[Records from a collection]
BEGIN

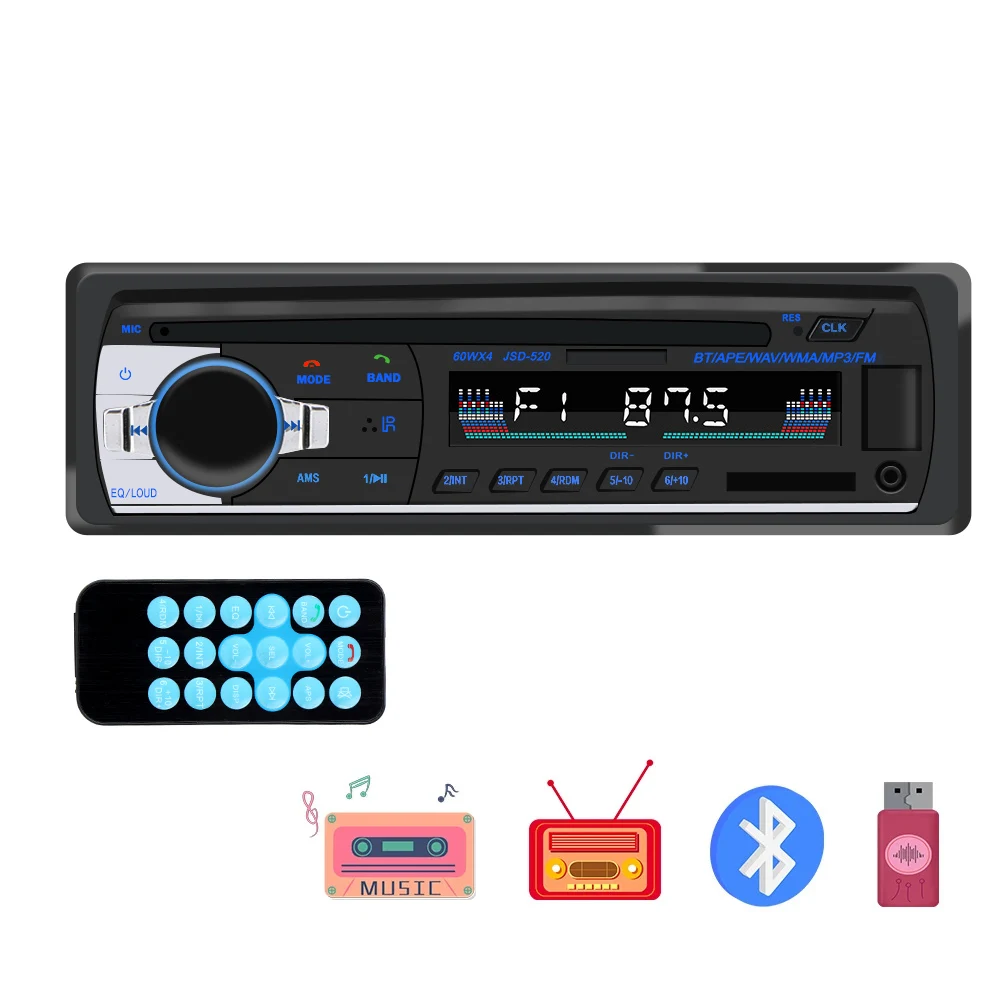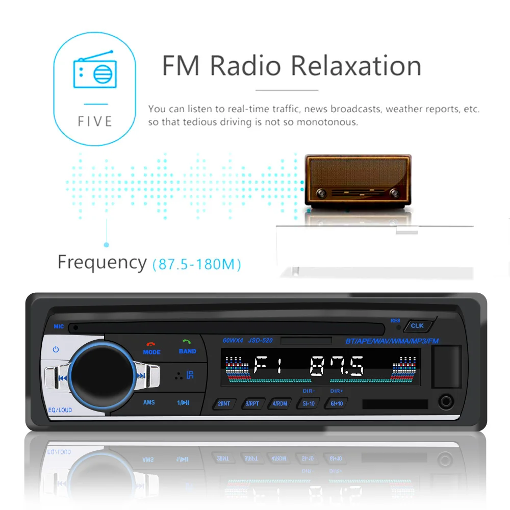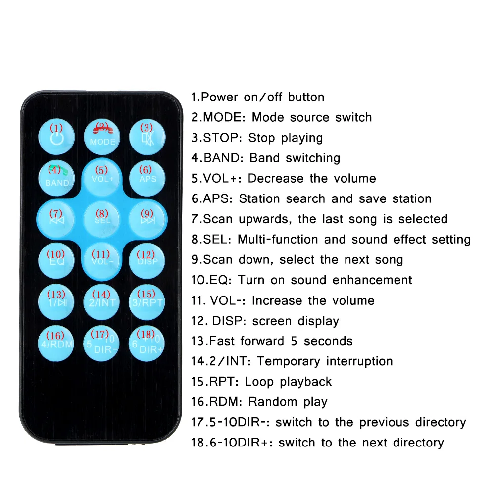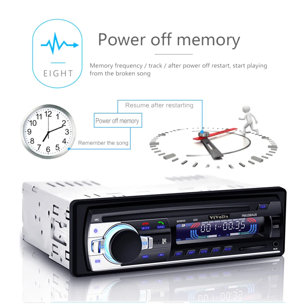 Особенности:Спецификация Bluetooth: V2.0Поддерживает расширенный профиль распределения аудиоФункция отображения времени выключенияЦифровое высококачественное fm-стерео радиоПредустановка 18 станций (частота: 87,5-108 МГц)Поддержка USB / SD / MMC кард-ридерПоддержка аудио: MP3 / WMA / APE / FLAC / WAV и т. Д.MP3 рандомизированный, 10 трек вверх/вниз воспроизведениеЭлектронный регулятор громкости ВЧ, басы, баланс и фейдерВыбор различных эквалайзеров: Джаз, Рок, Поп, Классика и т. Д.Бесшумное и громкое управлениеL / R RCA аудиовыход гнезда4-канальный выход высокой мощности (4 громкоговорителя)Режимы поддержки: BT / APE / WAV / WMA / MP3 / FMАккумулятор дистанционного управления (входит в комплект): CR2025 3V Спецификация:Fm-радиоДиапазон настройки: 87,5-108,0 МГцЧувствительность: менее 20 дБСтерео разделение: более 25 дБSNR: более 60 дБИсточник питания12 В машина: 11 - 16 ВСопротивление вихревого тока динамика: 4 ОмЧастотная характеристика: 20 - 20000 ГцПредохранитель красный: 1A желтый: 15AТип: автомобильный mp3-плеерСпециальная функция: fm-радио, Bluetooth, беспроводные звонки, mp3-плеер, USB флэш-дискВыходная мощность: 4x60 ВтНапряжение: 12 ВИсточники музыки: sd-карта, 3,5 мм стерео для наушников, мобильный телефон, флеш-накопительПримечание: Эта машина 12 В, не в соответствии с аудио источником питания 24 В
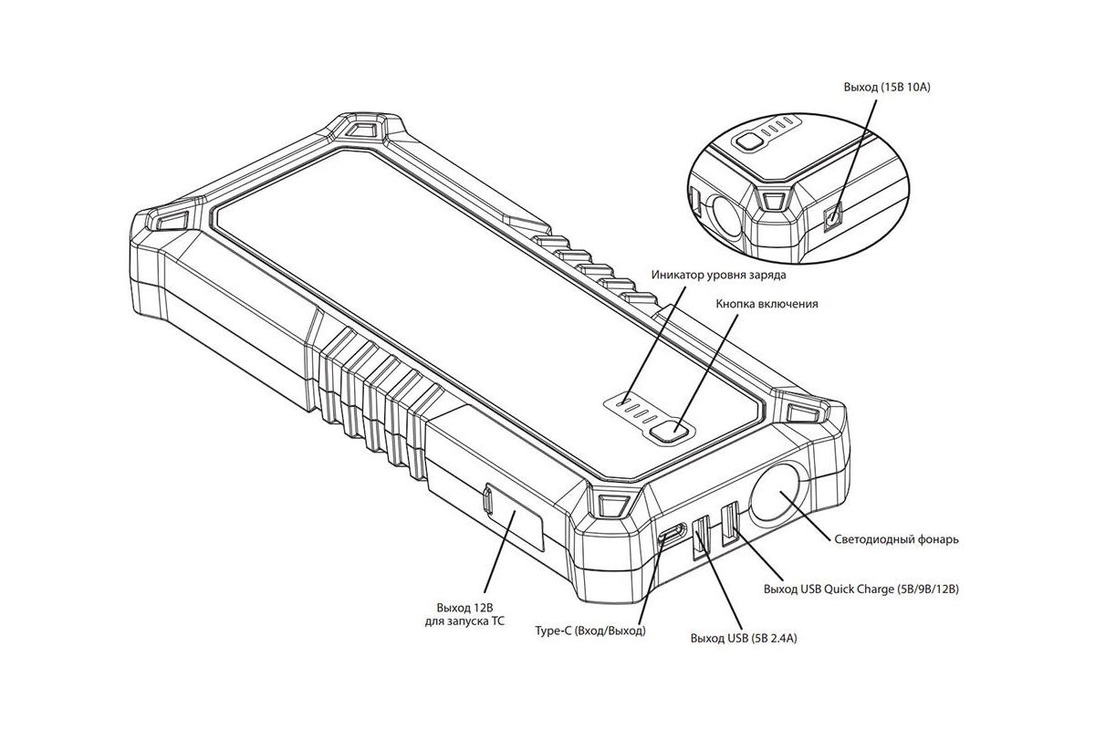 – Зарядка смартфонов и другой портативной электроники через выходы: USB Type-C 60W, USB QuickCharge, USВ 5В/2,4А.
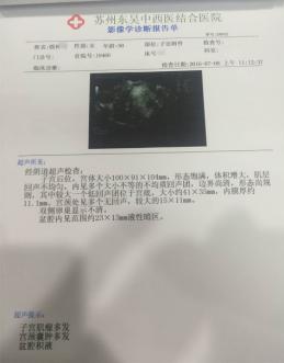 7月8日上午,来自相城的殷女士在丈夫的陪同下来院检查,接诊的是妇科王正娟主任,据王主任介绍:“殷女士来院时已经出现腹部凸起,下腹部轻压疼痛的情况。”根据殷女士本人当时的阐述,她在10年前就已经查出了有2cm的小肌瘤,一开始并没有在意,但小肌瘤慢慢的随着时间逐渐变大,一年前已经出现经期延长、经量增多、伴头晕的情况,之前一直由于工作忙而没有时间,现在退休了就想着赶紧把这个肌瘤摘除。随后,王正娟主任就安排了殷女士做了B超检查,超声提示:子宫肌瘤多发、宫颈囊肿多发、盆腔积液。”
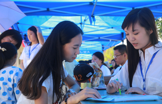 在各学院设立的迎新服务站,一顶顶帐篷依次排开,党员示范岗、摆渡车停靠点、问讯处……志愿者们都在用热情的微笑和细致的服务欢迎新同学的到来。有的手举指示牌、有的指引路线、有的做好登记、有的忙着搬运行李、有的耐心介绍入学后需要注意的事项。在管理学院设立的朋辈导师示范岗前,大二的代维高同学正在耐心地给远道而来的师弟介绍即将开展的大学军训中需要注意的事项,以及本专业的课程设置情况。水产学院2014级的李墨竹同学表示,她入学时,也得到了学长学姐的热情帮助,今天自己要把这种精神传下去,让师弟师妹一入学就感受到温暖。在广大志愿者的共同努力下,学校的迎新工作进行的有条不紊,他们的辛勤付出,也赢得了新生和家长的一致赞赏。
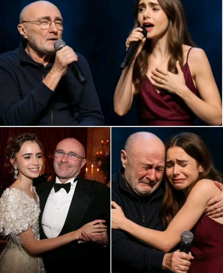 The moment Phil Collins stepped onto the stage beside Lily Collins felt like time itself cracked open. One second, she stood alone under the warm lights, preparing to introduce her next song… and the next, a familiar silhouette emerged from the wings. The crowd gasped before Lily even turned. But when she did — when she saw her father standing there, frail yet resolute, a microphone steady in his hand — her entire expression collapsed into pure, trembling disbelief.
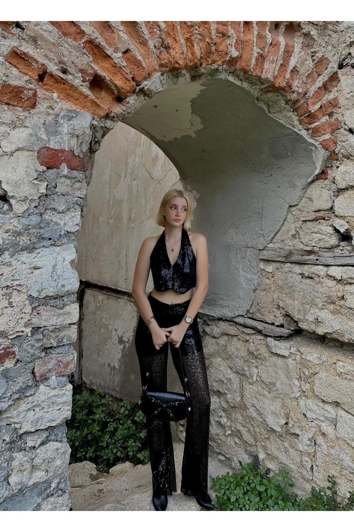 Luna Bordo Renkli El Yapımı Payetli İki Parça Etek ve Bağlamalı Crop Top Takım Luna Bordo Renkli El Yapımı Payetli İki Parça Etek ve Bağlamalı Crop Top Takım lunab L
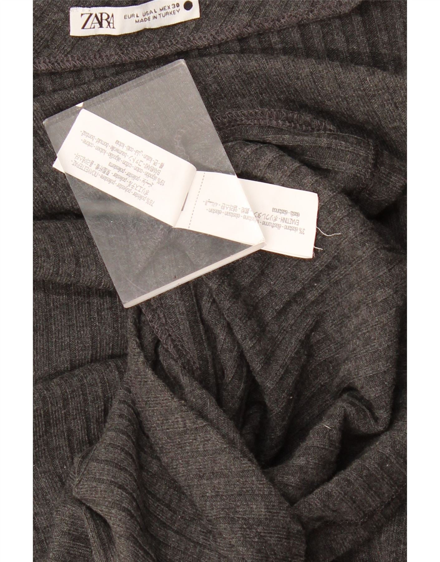 - Описание ИИ: Женский топ-футболка Zara изготовлен из серой трикотажной смеси полиэстера и эластана. Имеет удобную эластичную текстуру. Высокий воротник и длинные рукава создают изящный силуэт. Регулярная посадка обеспечивает удобство ношения. Тонкая складка по бокам придает модели современный структурированный вид. Этот дизайн пуловера сочетает в себе комфорт и современный стиль.
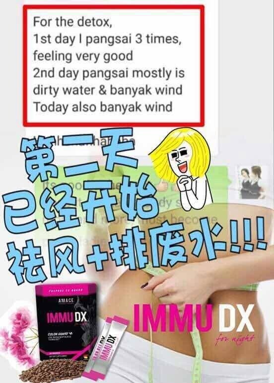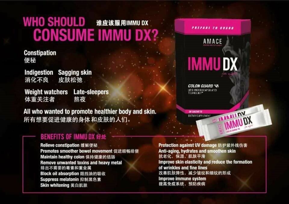 IMMUN DX is specially design for people that is looking for an easy detox diet with extra added values from plain detox product that is in the market. This formulation not only get rid of unwanted toxin, it promotes the skin benefits such as anti-aging, firming and whitening. It gives a miracle combination of inner and outer beauty health solution.
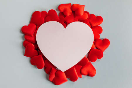 Valentine's day many red silk hearts and heart shaped white card on gray background, love concept
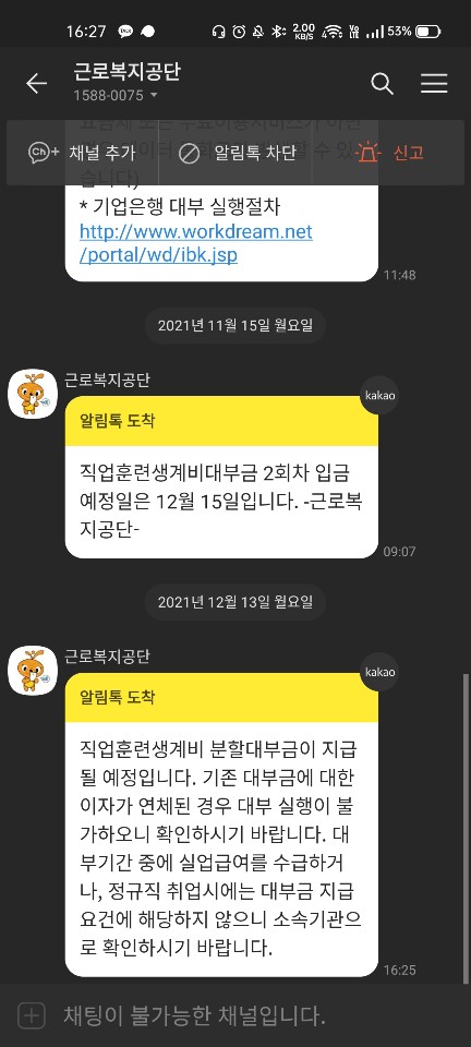 12일에 문자로 직업훈련생계비대부 신청서 처리결과 융자예정자로 선정되었습니다. 다음 절차인 신용보증대상 적격여부에 따라 근로복지공단 융자 및 보증지원 여부가 최종 결정됩니다라고 근로복지공단에서 알림톡이 왔어요.

END

**What you need to do:** Be exact. Write out all the entries and omit the pictures.

**The answer:**
 Особенности:Спецификация Bluetooth: V2.0Поддерживает расширенный профиль распределения аудиоФункция отображения времени выключенияЦифровое высококачественное fm-стерео радиоПредустановка 18 станций (частота: 87,5-108 МГц)Поддержка USB / SD / MMC кард-ридерПоддержка аудио: MP3 / WMA / APE / FLAC / WAV и т. Д.MP3 рандомизированный, 10 трек вверх/вниз воспроизведениеЭлектронный регулятор громкости ВЧ, басы, баланс и фейдерВыбор различных эквалайзеров: Джаз, Рок, Поп, Классика и т. Д.Бесшумное и громкое управлениеL / R RCA аудиовыход гнезда4-канальный выход высокой мощности (4 громкоговорителя)Режимы поддержки: BT / APE / WAV / WMA / MP3 / FMАккумулятор дистанционного управления (входит в комплект): CR2025 3V Спецификация:Fm-радиоДиапазон настройки: 87,5-108,0 МГцЧувствительность: менее 20 дБСтерео разделение: более 25 дБSNR: более 60 дБИсточник питания12 В машина: 11 - 16 ВСопротивление вихревого тока динамика: 4 ОмЧастотная характеристика: 20 - 20000 ГцПредохранитель красный: 1A желтый: 15AТип: автомобильный mp3-плеерСпециальная функция: fm-радио, Bluetooth, беспроводные звонки, mp3-плеер, USB флэш-дискВыходная мощность: 4x60 ВтНапряжение: 12 ВИсточники музыки: sd-карта, 3,5 мм стерео для наушников, мобильный телефон, флеш-накопительПримечание: Эта машина 12 В, не в соответствии с аудио источником питания 24 В
 – Зарядка смартфонов и другой портативной электроники через выходы: USB Type-C 60W, USB QuickCharge, USВ 5В/2,4А.
 7月8日上午,来自相城的殷女士在丈夫的陪同下来院检查,接诊的是妇科王正娟主任,据王主任介绍:“殷女士来院时已经出现腹部凸起,下腹部轻压疼痛的情况。”根据殷女士本人当时的阐述,她在10年前就已经查出了有2cm的小肌瘤,一开始并没有在意,但小肌瘤慢慢的随着时间逐渐变大,一年前已经出现经期延长、经量增多、伴头晕的情况,之前一直由于工作忙而没有时间,现在退休了就想着赶紧把这个肌瘤摘除。随后,王正娟主任就安排了殷女士做了B超检查,超声提示:子宫肌瘤多发、宫颈囊肿多发、盆腔积液。”
 在各学院设立的迎新服务站,一顶顶帐篷依次排开,党员示范岗、摆渡车停靠点、问讯处……志愿者们都在用热情的微笑和细致的服务欢迎新同学的到来。有的手举指示牌、有的指引路线、有的做好登记、有的忙着搬运行李、有的耐心介绍入学后需要注意的事项。在管理学院设立的朋辈导师示范岗前,大二的代维高同学正在耐心地给远道而来的师弟介绍即将开展的大学军训中需要注意的事项,以及本专业的课程设置情况。水产学院2014级的李墨竹同学表示,她入学时,也得到了学长学姐的热情帮助,今天自己要把这种精神传下去,让师弟师妹一入学就感受到温暖。在广大志愿者的共同努力下,学校的迎新工作进行的有条不紊,他们的辛勤付出,也赢得了新生和家长的一致赞赏。
 The moment Phil Collins stepped onto the stage beside Lily Collins felt like time itself cracked open. One second, she stood alone under the warm lights, preparing to introduce her next song… and the next, a familiar silhouette emerged from the wings. The crowd gasped before Lily even turned. But when she did — when she saw her father standing there, frail yet resolute, a microphone steady in his hand — her entire expression collapsed into pure, trembling disbelief.
 Luna Bordo Renkli El Yapımı Payetli İki Parça Etek ve Bağlamalı Crop Top Takım Luna Bordo Renkli El Yapımı Payetli İki Parça Etek ve Bağlamalı Crop Top Takım lunab L
 - Описание ИИ: Женский топ-футболка Zara изготовлен из серой трикотажной смеси полиэстера и эластана. Имеет удобную эластичную текстуру. Высокий воротник и длинные рукава создают изящный силуэт. Регулярная посадка обеспечивает удобство ношения. Тонкая складка по бокам придает модели современный структурированный вид. Этот дизайн пуловера сочетает в себе комфорт и современный стиль.
 IMMUN DX is specially design for people that is looking for an easy detox diet with extra added values from plain detox product that is in the market. This formulation not only get rid of unwanted toxin, it promotes the skin benefits such as anti-aging, firming and whitening. It gives a miracle combination of inner and outer beauty health solution.
 Valentine's day many red silk hearts and heart shaped white card on gray background, love concept
 12일에 문자로 직업훈련생계비대부 신청서 처리결과 융자예정자로 선정되었습니다. 다음 절차인 신용보증대상 적격여부에 따라 근로복지공단 융자 및 보증지원 여부가 최종 결정됩니다라고 근로복지공단에서 알림톡이 왔어요.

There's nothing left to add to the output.